[Instructions for the task]: Return the data below exactly, minus the pictures.

[Input data]:
|---|
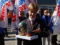 К слову, у награды уже появился первый обладатель. Вчера им стал Гарри Каспаров, посетивший с визитом Челябинск. Статуэтка, изображающую голову человека с непомерно длинным языком, придавленным "молодогвардейским" ботинком была вручена Каспарову прямо на входе в здание, где он планировал принять участие в круглом столе. "Вам как самому большому политическому вруну современной России мы вручаем эту награду. Ни одному человеку кроме вас не удается столь энергично пытаться продать Западу Россию по сходной цене, прикрывая это отстаиванием демократических свобод. Вы заслужили эту награду", - с такой парадной речью челябинские "молодогвардейцы" презентовали Каспарову заслуженный приз. Гарри Кимович принять подарок постеснялся, посчитав, очевидно, что его заслуги на ниве политического словоблудия пока еще не так велики.
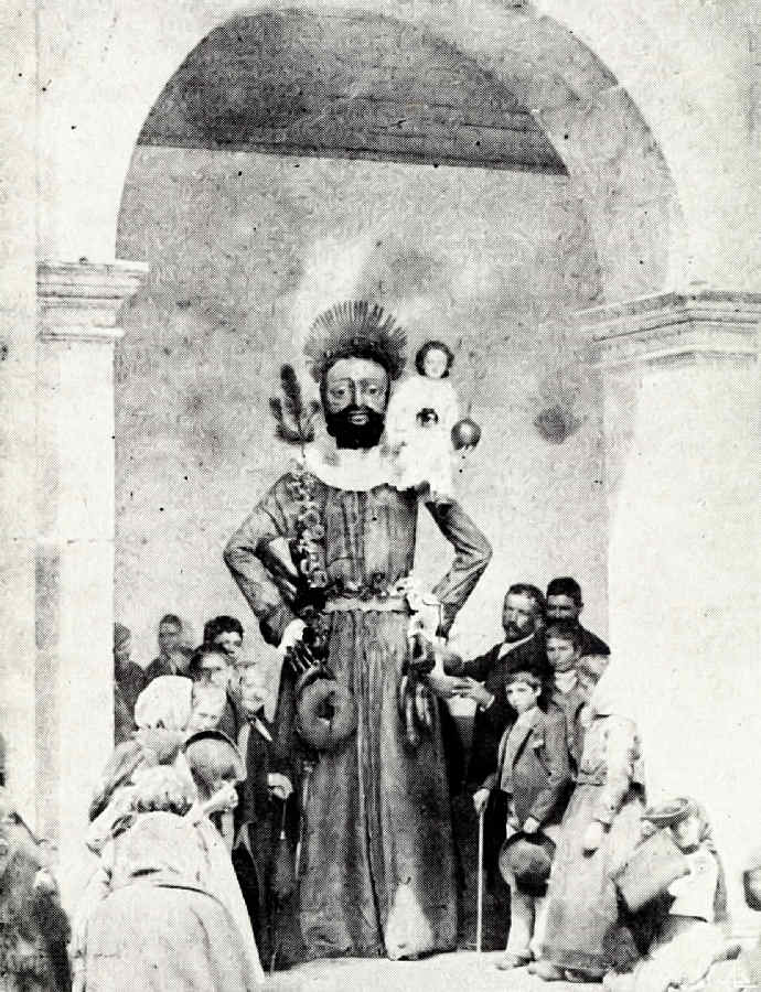 A imagem de S. Cristóvão em dia de procissão do Corpo de Deus,
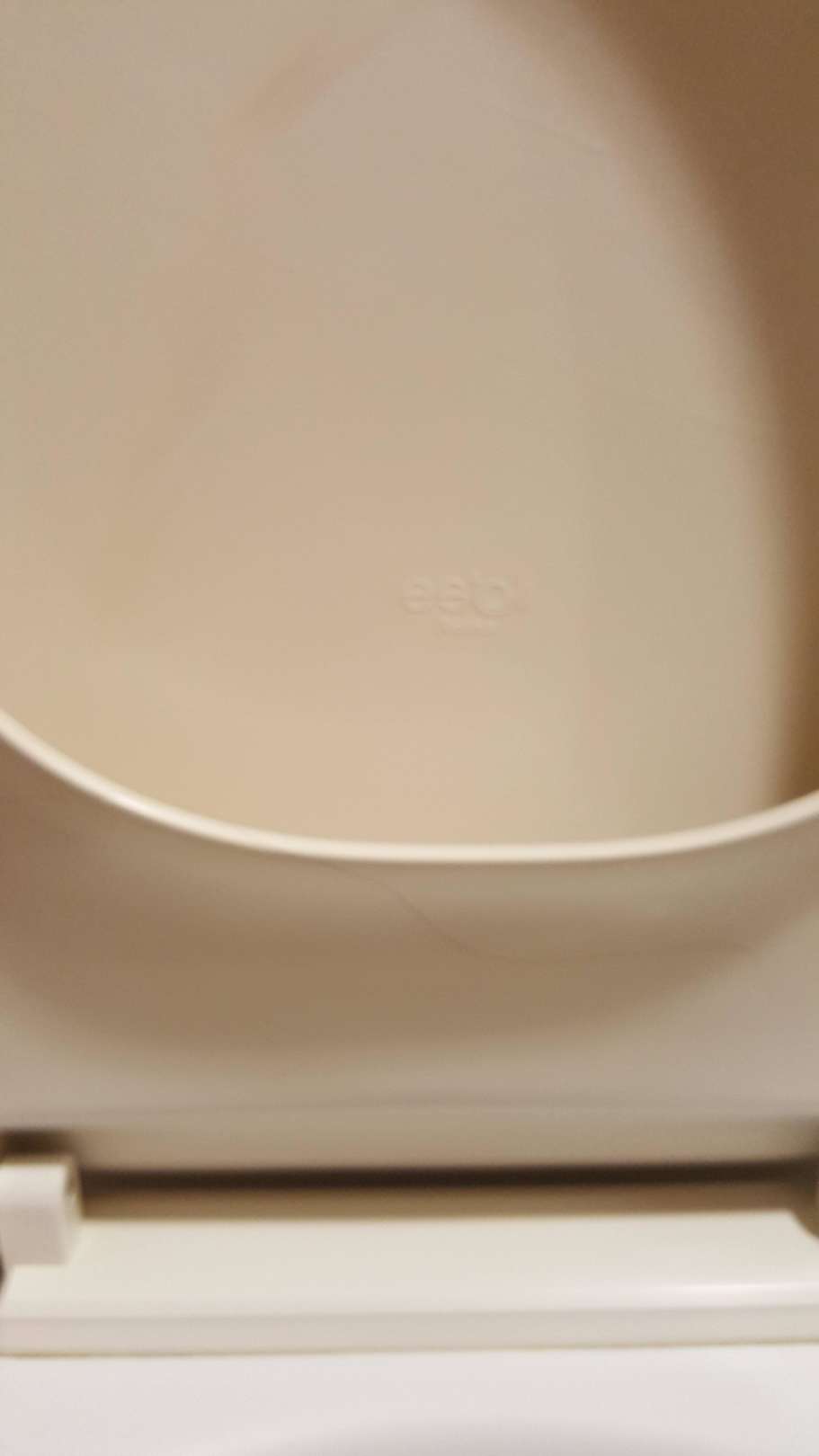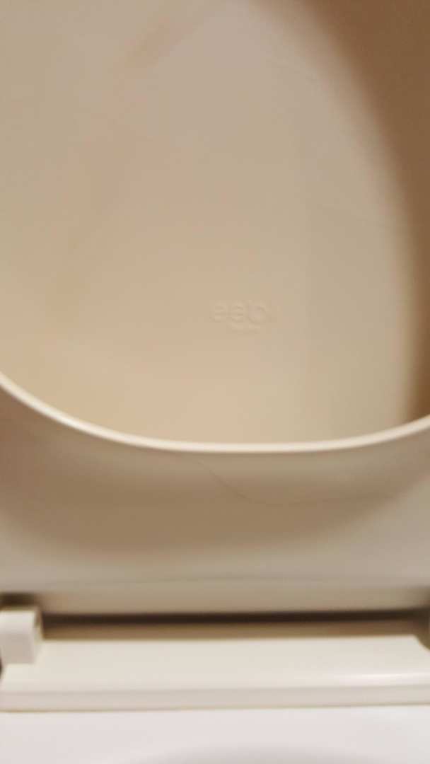BadezimmerchenToilettendeckel, der mit einer Bandarole "Frisch desinfektiert" versehen war. Man beachte die Haare.
|---|
[Output of the task]:
 К слову, у награды уже появился первый обладатель. Вчера им стал Гарри Каспаров, посетивший с визитом Челябинск. Статуэтка, изображающую голову человека с непомерно длинным языком, придавленным "молодогвардейским" ботинком была вручена Каспарову прямо на входе в здание, где он планировал принять участие в круглом столе. "Вам как самому большому политическому вруну современной России мы вручаем эту награду. Ни одному человеку кроме вас не удается столь энергично пытаться продать Западу Россию по сходной цене, прикрывая это отстаиванием демократических свобод. Вы заслужили эту награду", - с такой парадной речью челябинские "молодогвардейцы" презентовали Каспарову заслуженный приз. Гарри Кимович принять подарок постеснялся, посчитав, очевидно, что его заслуги на ниве политического словоблудия пока еще не так велики.
 A imagem de S. Cristóvão em dia de procissão do Corpo de Deus,
BadezimmerchenToilettendeckel, der mit einer Bandarole "Frisch desinfektiert" versehen war. Man beachte die Haare.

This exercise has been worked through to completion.